Da ultima, ma non in ordine di importanza, si prende in considerazione la faccia associativa della democrazia. Questa forma di democrazia generalmente sfocia nell’autogestione e nell’auto-organizzazione di gruppi che hanno una radicata base sociale, per poter risolvere problemi di interesse comune. Si può dire quindi che l’obiettivo della democrazia associativa è quello di porre in essere la risoluzione di un problema con la responsabilizzazione diretta di coloro che lo avvertono. In quest’ottica l’associazionismo dovrebbe prefigurare un duplice risvolto qualitativo: per un verso dare il via libera alla cooperazione sociale che riduce gli effetti negativi del mercato, per l’altro favorire la competizione sociale che sostiene l’attività di mercato. Perciò, da
un punto di vista normativo, è compito della democrazia associativa ricercare un giusto bilanciamento tra il valore del pluralismo e quello dell’universalismo.

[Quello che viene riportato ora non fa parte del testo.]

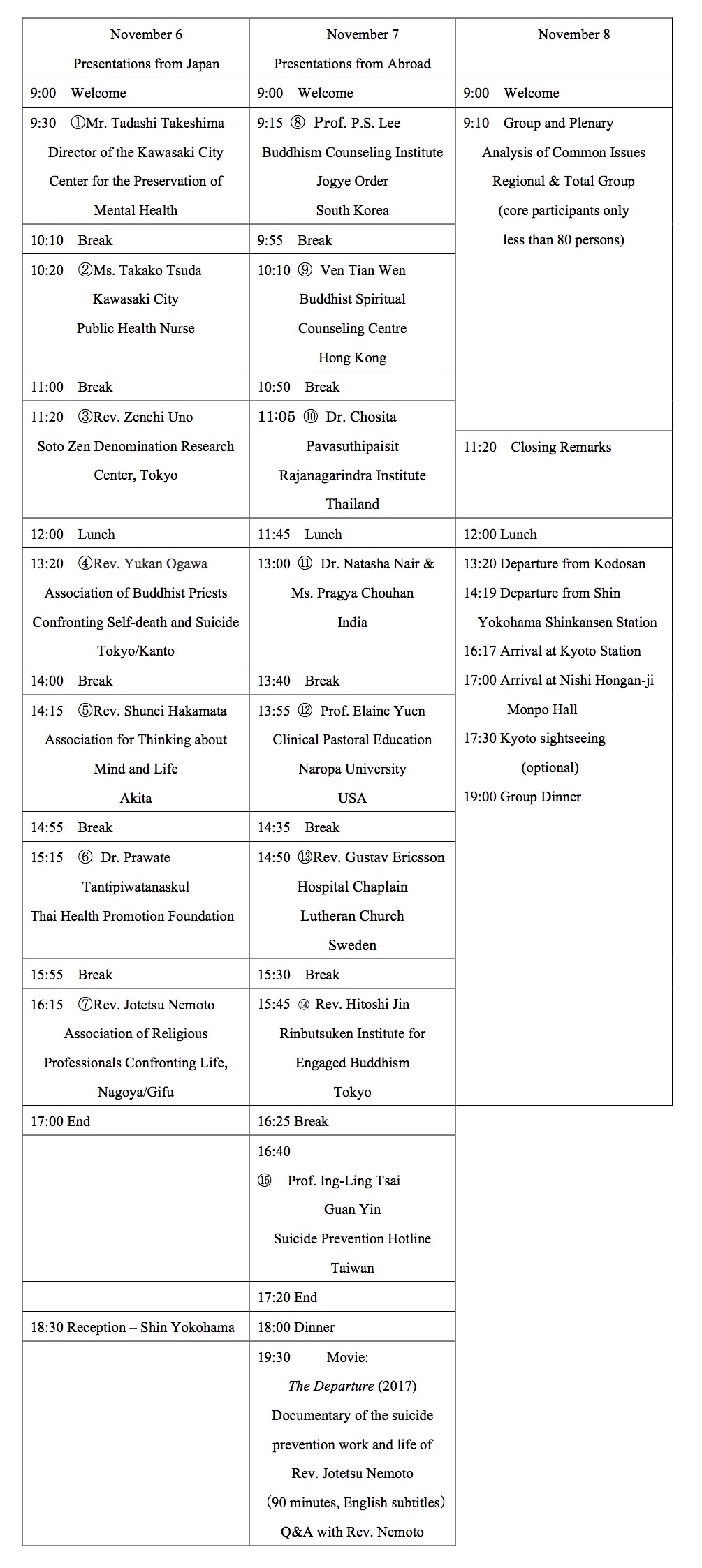 - Rev. Ryogo Takemoto (Kyoto Self-Death & Suicide Counseling Center,

Invece, in rapporto agli attori della democrazia rappresentativa, le indagini promosse in tal senso hanno dimostrato che l’associazionismo attecchisce meglio, laddove i partiti politici palesano una debole capacità aggregativa. Pertanto, in quest’ottica, la democrazia associativa può contribuire a rafforzare le istituzioni rappresentative, affinché la società si doti di un quadro di regole di riferimento in grado di guidare gli attori sociali, individuando, altresì, forme di fornitura di servizi pubblici che costringano i funzionari pubblici a rendere conto della propria attività, col fine ultimo di proteggere l’interesse dei cittadini. I teorici della democrazia associativa sostengono, infatti, che più che un popolo anonimo esistono dei cittadini organizzati (ivi, 10-11-12).